Epistemic Injustice in and through AI
Epistemic Injustice in and through AI
Deadline for Expression of Interest : 15th November 2025 23:59 (Anywhere on Earth)
Notification of Acceptance : 25th November 2025
Workshop Date: 30th November 2025 09:30 am - 03:30 pm (AEST)
This AI-generated image illustrates how machine learning models often produce distorted, artefact-ridden outputs that lack intentionality and draw from the labour of human creators without credit (Adobe Firefly prompt, 24.09.2025: ‘epistemic injustice in and through ai’)
AI is rapidly transforming knowledge production and practices across a range of domains, yet AI technologies often embed and perpetuate epistemic injustices—privileging dominant perspectives while marginalising others.
We recognise that the rise of AI systems has reignited long-standing questions about who gets to author knowledge, whose voices are recognised, and how technology design contributes to the reproduction of global power hierarchies. Critical scholars across philosophy and postcolonial studies argue that knowledge is not neutral. This can be framed through the lens of epistemic injustice, where marginalised groups are denied credibility or interpretive tools.
This workshop invites contributions that explore epistemic injustice in and through AI, examining how AI systems can marginalise knowledge, culture, and access. Participants will engage in critical discussions about how these technologies contribute to the inequitable distribution of knowledge and authority, not only in their outputs but also through their design, development, deployment and governance.
This workshop is organised as part of OzCHI conference in Sydney, Australia (in person).
The workshop will move between hands-on experimentation, reflective discussion, and collaborative mapping. Conversations will continually return to the question of equitable knowledge infrastructures in technical systems, innovation, and research practices.
09.30 – 09.45 Welcome and introduction
09.45 – 10.30 Presentations
10.30 – 11.30 Mapping and group discussion
11.30 – 12.30 Activity 1: Creative experimentation with generative AI
12.30 – 13.30 Lunch
13.30 – 14.15 Activity 2: Critical examination of AI
14:15 – 15:15 Discussion and co-creating a call to action
15:15 – 15.30 Closing
This workshop invites participants to explore the entangled dynamics of epistemic injustice, computing, and AI through collaborative and experiential inquiry and discussion. We suggest six themes in contemporary work on AI applications that will prompt a discussion of scholarship with significant societal and therefore justice implications:
Generative AI’s outputs often reproduce epistemic injustices — both testimonial, by silencing or misrepresenting marginalised voices, and hermeneutical, by rendering certain lived experiences unintelligible.

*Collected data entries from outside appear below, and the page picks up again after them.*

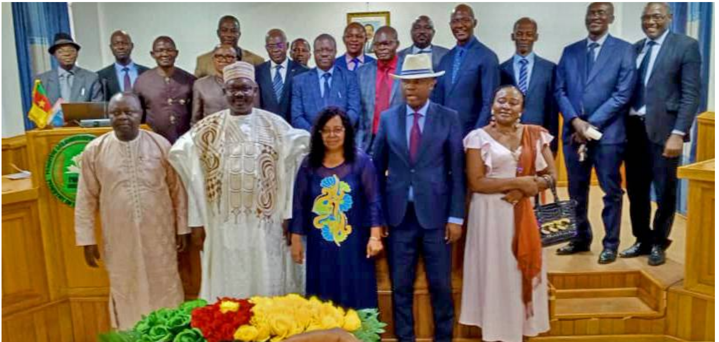
Photo d'inauguration officielle

Le mercredi 05 juin 2024, les responsables du Ministère des Enseignements Secondaires ont assisté à la mise en service de la nouvelle salle de conférence du Centre d'Éducation à Distance au cours d'une inauguration présidée par le Ministre des Enseignements Secondaires, Professeur Nalova Lyonga.
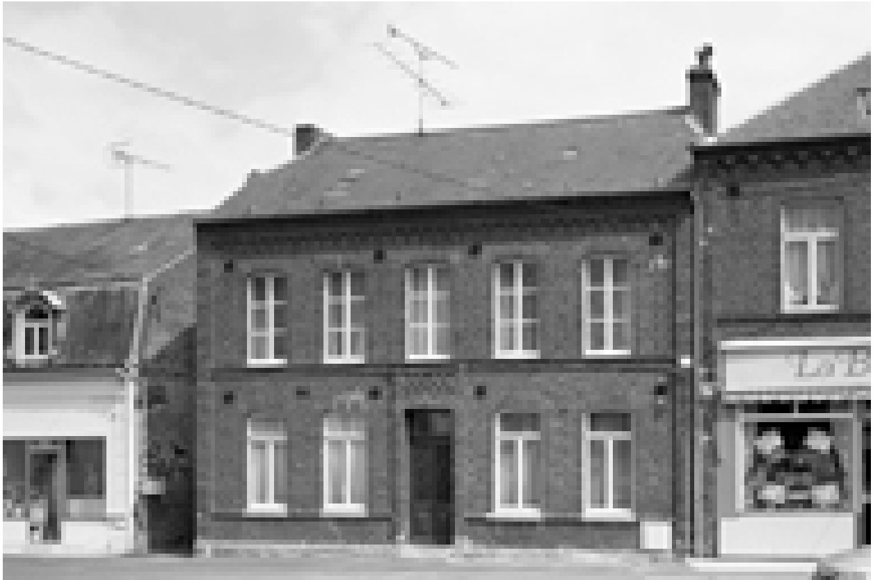
Boué, maison (étudiée), 4 rue des Vannois.
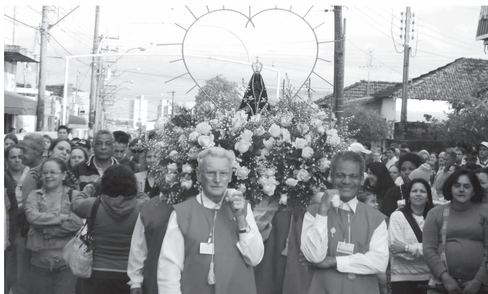
Saída da Procissão

Uma novidade desse ano foi a encenação da Via Sa-
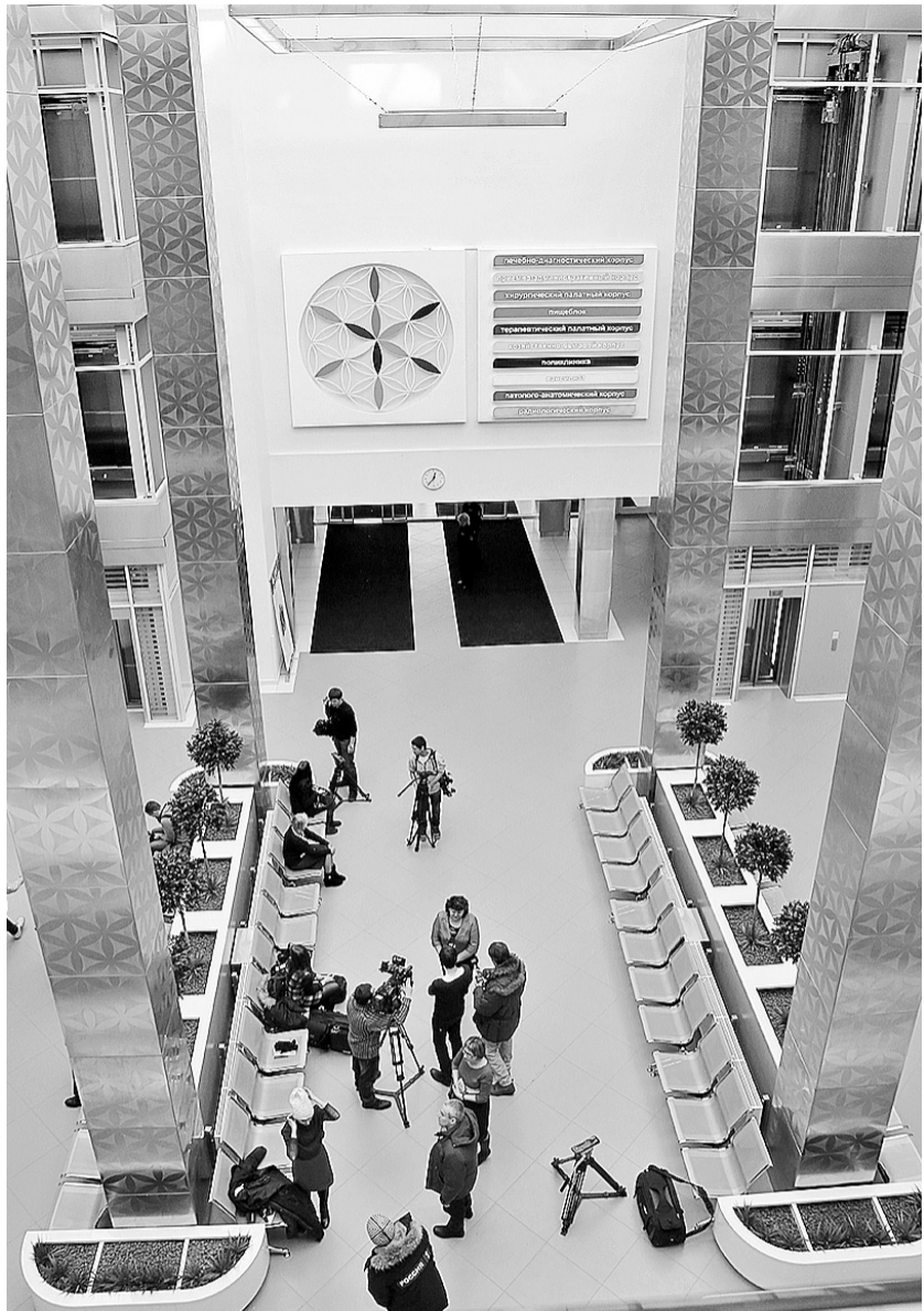
Просторный холл для встреч пациентов и их близких

AI systems have the potential to support and transform creative practice across writing, design, music, visual arts, and many more artistic fields, and they also raise pressing concerns around epistemic injustice.
Proponents of AI claim it can eliminate human biases in decision making across healthcare services. However, many AI systems instead amplify existing human biases, mirroring their designers’ worldviews, as well as limitations in datasets used to build and train AI on leading to societal consequences and injustices.

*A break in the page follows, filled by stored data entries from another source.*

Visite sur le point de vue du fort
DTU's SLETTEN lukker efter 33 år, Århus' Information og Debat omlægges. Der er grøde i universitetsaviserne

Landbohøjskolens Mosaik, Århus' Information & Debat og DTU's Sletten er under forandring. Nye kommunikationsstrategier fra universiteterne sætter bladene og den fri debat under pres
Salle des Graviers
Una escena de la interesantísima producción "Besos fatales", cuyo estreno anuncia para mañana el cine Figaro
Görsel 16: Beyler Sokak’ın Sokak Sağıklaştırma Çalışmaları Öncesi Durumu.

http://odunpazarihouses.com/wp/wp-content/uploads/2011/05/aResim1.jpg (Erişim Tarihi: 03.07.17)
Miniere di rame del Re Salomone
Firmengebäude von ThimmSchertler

AI systems rely upon behind-the-scenes and invisible work, which becomes obscured as such labour is ignored, marginalised, taken for granted, or rendered out of sight. The epistemic injustice of labour hierarchies extends into AI products themselves, where hegemonic meaning-making and representation become embedded in technological design of AI “workers.”
In classrooms around the world, AI is no longer just a subject of speculation, it is becoming a participant. From personalised tutoring bots to AI-generated student feedback, large language models (LLMs) are reshaping higher education. Although LLMs can support the goals of Education 4.0, they also risk epistemic injustice, from undermining educator roles to reinforcing structural bias.

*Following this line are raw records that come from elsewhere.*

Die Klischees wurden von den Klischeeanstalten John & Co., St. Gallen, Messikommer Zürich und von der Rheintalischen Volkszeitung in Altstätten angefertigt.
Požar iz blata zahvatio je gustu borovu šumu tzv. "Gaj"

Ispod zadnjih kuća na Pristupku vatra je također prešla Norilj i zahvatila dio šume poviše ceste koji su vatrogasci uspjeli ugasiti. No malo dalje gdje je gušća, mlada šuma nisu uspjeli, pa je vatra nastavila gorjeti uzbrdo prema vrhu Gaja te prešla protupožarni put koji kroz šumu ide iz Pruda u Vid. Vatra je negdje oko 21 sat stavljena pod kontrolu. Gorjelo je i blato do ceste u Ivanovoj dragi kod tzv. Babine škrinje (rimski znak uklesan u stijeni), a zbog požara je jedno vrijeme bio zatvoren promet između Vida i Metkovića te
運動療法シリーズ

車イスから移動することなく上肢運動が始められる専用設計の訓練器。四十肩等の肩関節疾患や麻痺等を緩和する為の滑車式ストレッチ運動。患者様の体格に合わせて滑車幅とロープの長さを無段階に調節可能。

Much of the literature on what we are calling AI and Automated Decision- Making (ADM) foregrounds technical objects. Yet, in framing the issue through a certain technology or technical problem, these accounts tend to make the effects of such technologies appear inevitable, as though they were hardwired into the technical assemblage itself.
Want to read more? Download the full workshop proposal here
To participate in the workshop, please submit an expression of interest. Once assessed by workshop organisers and accepted, you will need to register through OzCHI conference website. We seek submissions reflecting on experiences, research, pedagogy, or design work that address how AI perpetuates epistemic injustice, or offer strategies and practices for resisting and mitigating these harms. Submissions may take the form of a 500-word abstract and can include case studies or reflections from fields such as HCI, AI ethics, education, design, creative practice, digital culture, justice, and policy. We welcome diverse perspectives from researchers, practitioners, educators, and artists to critically engage with how AI is reshaping knowledge systems and how we might contribute to creating more inclusive, equitable, and just AI technologies.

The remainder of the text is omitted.